McClements—who, along with two of his food science colleagues, is consistently ranked among the world’s most highly cited researchers by Clarivate Analytics—conducts research on foods that are better not just for human health, but for the planet. Over the past five years, the department’s focus has shifted heavily toward research on plant-based analogs for meat, seafood, eggs, and dairy products. While some plant-based foods on the market today are less beneficial to human health than the animal products they’re replacing—McClements pointed to vegan cheeses that are high in saturated fat and sugar but lacking in the protein and calcium found in dairy cheese—the UMass food scientists are working to make them healthier.

“We’re trying to use knowledge from medicine and nutrition science to redesign foods to be healthier. We’re reducing fat, salt, and sugar, and fortifying foods with Omega-3 fatty acids, dietary fiber, and other micronutrients like vitamins D and B12, calcium, and iron, which might be lacking in a plant-based diet,” said McClements. “We have to understand not only how to assemble ingredients from nature into these highly complex materials we call foods, but also understand how they get disassembled in the body, distributed to all the body’s organs, and ultimately how they fuel the body.”

For example, McClements and colleagues developed an egg product made from pea or potato protein that looks and tastes similar to chicken eggs.
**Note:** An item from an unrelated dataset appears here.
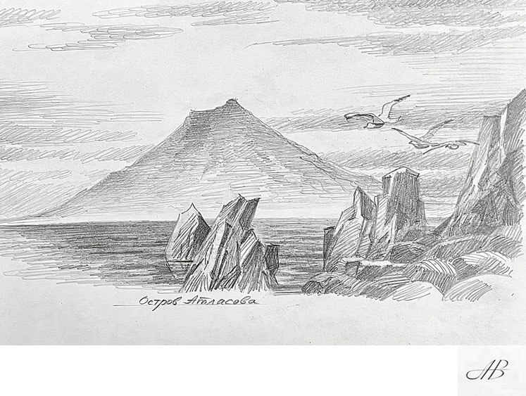 Наконец, казаки поднялись за Атласовым на высокий утёс, далеко упирающийся в море, и обомлели… какая ширь морская! А Атласов уверенно прошёл на самый край утёса и, сложив руки на груди, стал с любопытством вглядываться в морские дали. Ветер трепал его волосы, а он, широко раскрыв рот, вдыхал морской солёный воздух. Вдруг, он зычно закричал: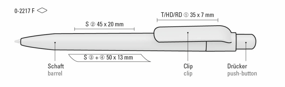 Druckkugelschreiber aus recyceltem PET-Material mit matt gedecktem Gehäuse, Clip, Drücker und Stopfen.

They fortified it with Omega-3 fatty acids and lutein, a type of carotenoid that promotes eye health. “This could be sold as liquid ‘egg’ in a carton, or as pre-cooked patties. It could help prevent macular degeneration—a cause of blindness—in the elderly,” said McClements.

Though processed foods face a backlash from some consumers, McClements believes scientific and technological advances in food are positive overall. In fact, he said, they are necessary to address mounting challenges, including feeding a growing global population, climate change and extreme weather, and public health challenges associated with diets heavy in unhealthy processed foods.  

“We shouldn’t be scared of science,” he said. “I think we really need it if we're going to solve these big problems.”

Added Siega-Riz, "In order to improve population health, we must consider the accessibility of nutritious food, as well as the social, economic, and environmental contexts that determine our dietary behaviors. The UMass 'food is medicine initiative' seeks to address all these interrelated dimensions."